Standing on the shoulders of infant giants: How to utilize others’ research to inform your theory and practice

One of the first tasks thought to be facing infant language learners involves learning the sound system of their native language, its phonology. A mainstream explanation for this process holds that infants keep track of the syntagmatic (and/or paradigmatic) distributions of sounds in their input. In this talk, I will start by reviewing evidence from an individual variation study [1] and a laboratory learning experiment [2] whose results are in line with this proposal. A single study, however, well-constructed it may be, is only one measurement of an measurement of the underlying phenomenon.

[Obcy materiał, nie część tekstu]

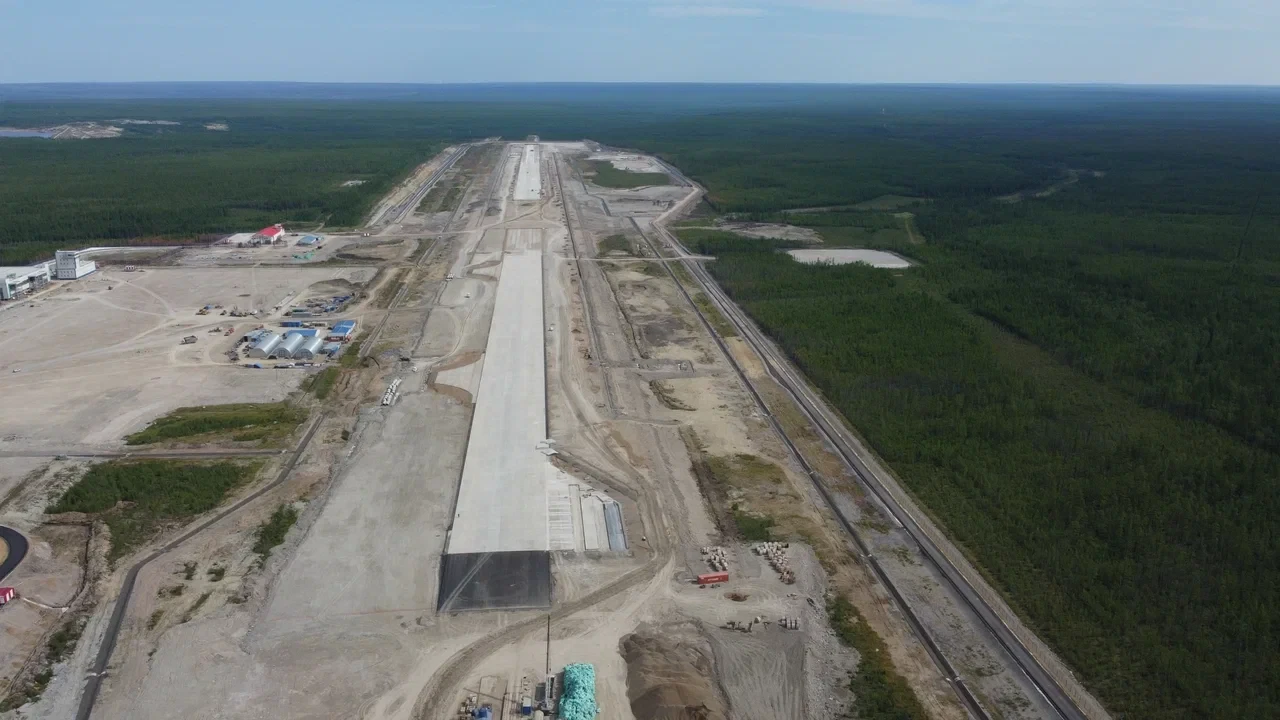 На объектах аэродромной инфраструктуры подрядной организацией выполняются работы по устройству искусственной взлетно-посадочной полосы (ВПП) параметрами 2 85642 метра. В настоящий момент общая строительная готовность по объектам лётного поля составляет 68%. В объём работ включено строительство 18 мест стоянки воздушных судов, рулежных дорожек РД-E и РД-F, перрона, сооружений связи и светообеспечения (ССО), установка метеорологического оборудования. Кроме того, ведётся прокладка патрульной дороги протяженностью 8 км, монтаж периметрового ограждения (11,6 км) и строительство очистных сооружений ливневого стока. Реализация данных мероприятий в рамках нацпроекта направлена на повышение надёжности и безопасности авиаперевозок.

In this context, “big data” approaches can provide us with a more accurate estimation of the reliability and strength of certain experimental approaches. I discuss the complementary strengths of two avenues for big data available to those doing infant research: meta-analyses [3,5,7,8] and (large) cross-lab collaborations [4,6,9]. Meta-analytic methods help us make the most of previously published research, informing us on which procedures are most likely to be informative, and whether a given phenomenon is robustly measurable. Cross-lab collaborations, for their part, can help us gain a firmer grasp on the empirical measurement of infants’ developing language skills, while reducing the risks of working with an intrinsically variable population.